* [INFORMATION SHOWN]

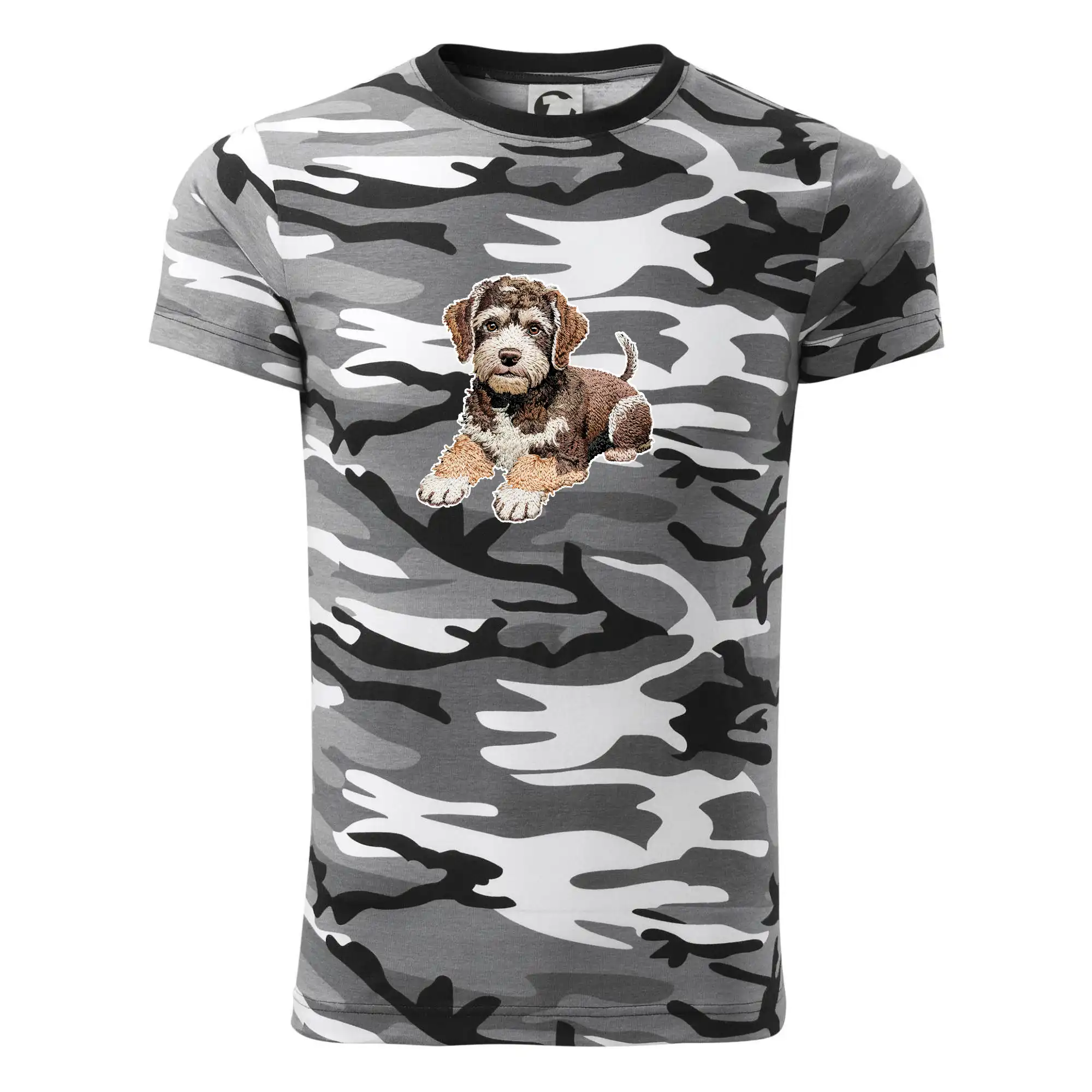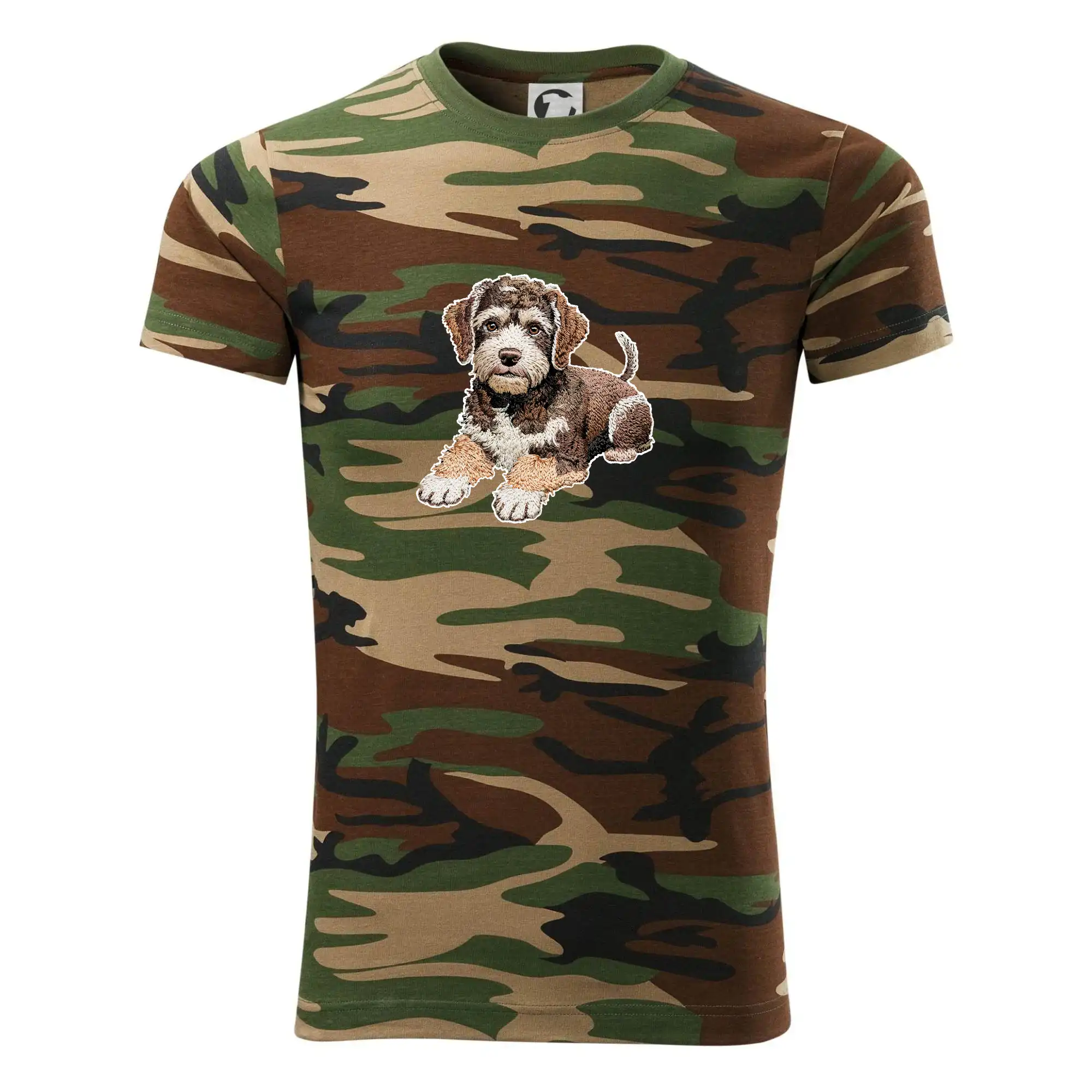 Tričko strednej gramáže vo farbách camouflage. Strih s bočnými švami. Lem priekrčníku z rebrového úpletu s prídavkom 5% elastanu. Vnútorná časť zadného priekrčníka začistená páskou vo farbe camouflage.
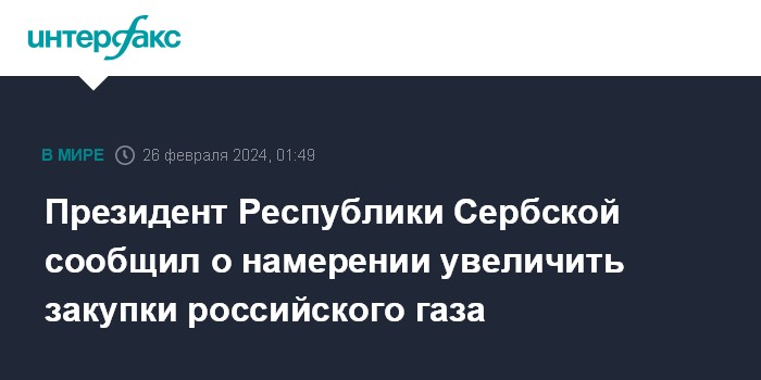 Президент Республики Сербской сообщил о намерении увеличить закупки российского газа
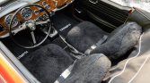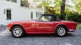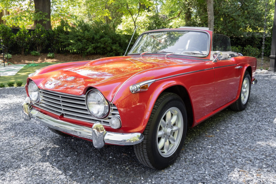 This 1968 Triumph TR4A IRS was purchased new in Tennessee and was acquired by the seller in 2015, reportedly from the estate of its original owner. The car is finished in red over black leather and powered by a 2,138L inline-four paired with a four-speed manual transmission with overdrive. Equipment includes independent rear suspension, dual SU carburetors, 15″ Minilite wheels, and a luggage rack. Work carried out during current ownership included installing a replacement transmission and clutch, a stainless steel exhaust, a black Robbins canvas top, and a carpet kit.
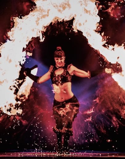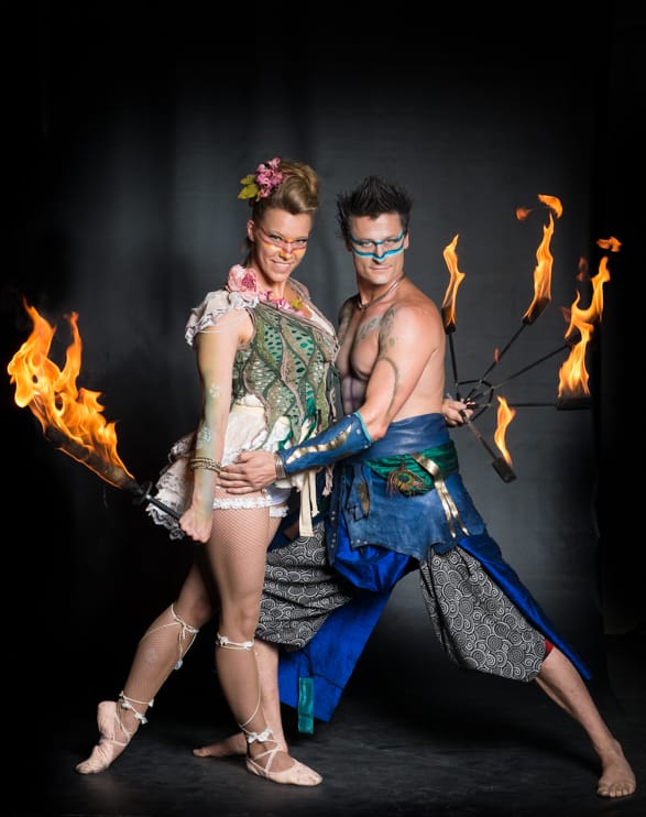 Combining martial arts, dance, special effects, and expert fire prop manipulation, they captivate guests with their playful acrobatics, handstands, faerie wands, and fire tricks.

* [ACTION ITEM] Repeat the listing in full and exactly. Leave any pictures out.

* [OUTPUT]
 Tričko strednej gramáže vo farbách camouflage. Strih s bočnými švami. Lem priekrčníku z rebrového úpletu s prídavkom 5% elastanu. Vnútorná časť zadného priekrčníka začistená páskou vo farbe camouflage.
 Президент Республики Сербской сообщил о намерении увеличить закупки российского газа
 This 1968 Triumph TR4A IRS was purchased new in Tennessee and was acquired by the seller in 2015, reportedly from the estate of its original owner. The car is finished in red over black leather and powered by a 2,138L inline-four paired with a four-speed manual transmission with overdrive. Equipment includes independent rear suspension, dual SU carburetors, 15″ Minilite wheels, and a luggage rack. Work carried out during current ownership included installing a replacement transmission and clutch, a stainless steel exhaust, a black Robbins canvas top, and a carpet kit.
 Combining martial arts, dance, special effects, and expert fire prop manipulation, they captivate guests with their playful acrobatics, handstands, faerie wands, and fire tricks.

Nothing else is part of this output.